Existence of these sub-atomic particles has been long suspected, but yet to be conclusively proven
Indirect evidence hinting at the existence of baryon, a subatomic particle long suspected to exist but yet to be spotted, has been found. The evidence came in experiments conducted inside the Relativistic Heavy Ion Collider (RHIC), an atom smasher at Brookhaven National Laboratory in New York.
At RHIC, scientists created a plasma “soup” of subatomic particles to replicate conditions after the Big Bang. This soup contained quarks (subatomic particles that make up protons and neutrons) and gluons (particles that bind quarks together). During experiments it was found that the plasma was freezing at a temperature lower than expected. This made the researchers hypothesise that the freezing is taking place due to the presence of baryons.

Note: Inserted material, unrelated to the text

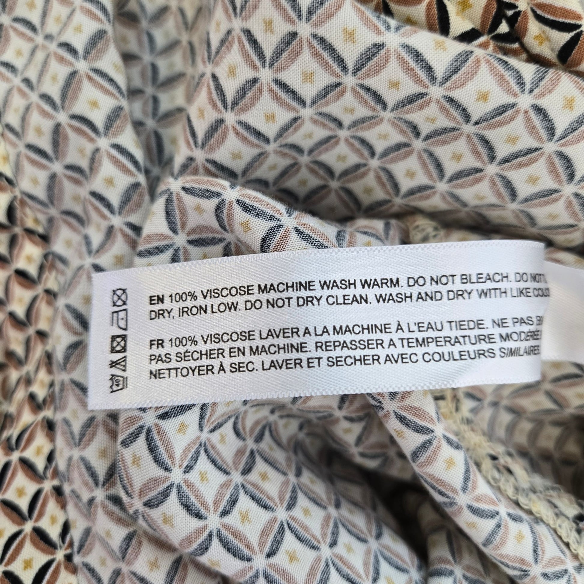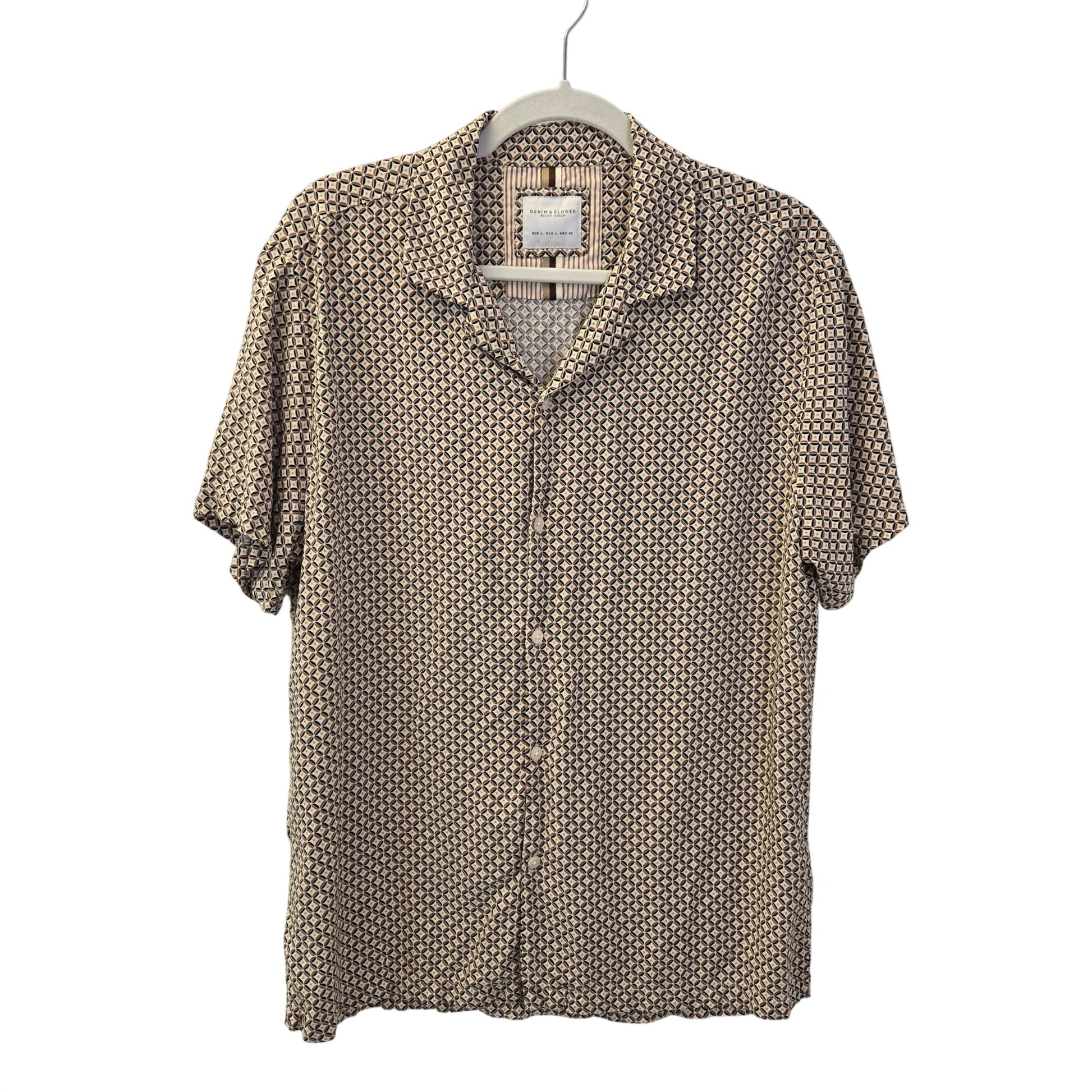 Denim & Flower Ricky Singh 100% Viscose Diamond Print Button Down Shirt Size Large

"Baryons, which are hadrons made of three quarks, make up almost all the matter we see in the universe today," said Brookhaven theoretical physicist Swagato Mukherjee, according to a news release by the institute. Mukherjee is a co-author on a paper describing the results in Physical Review Letters. The paper was published on August 11.
"It's similar to the way table salt lowers the freezing point of liquid water," said Mukherjee. "These 'invisible' hadrons are like salt molecules floating around in the hot gas of hadrons, making other particles freeze out at a lower temperature than they would if the 'salt' wasn't there."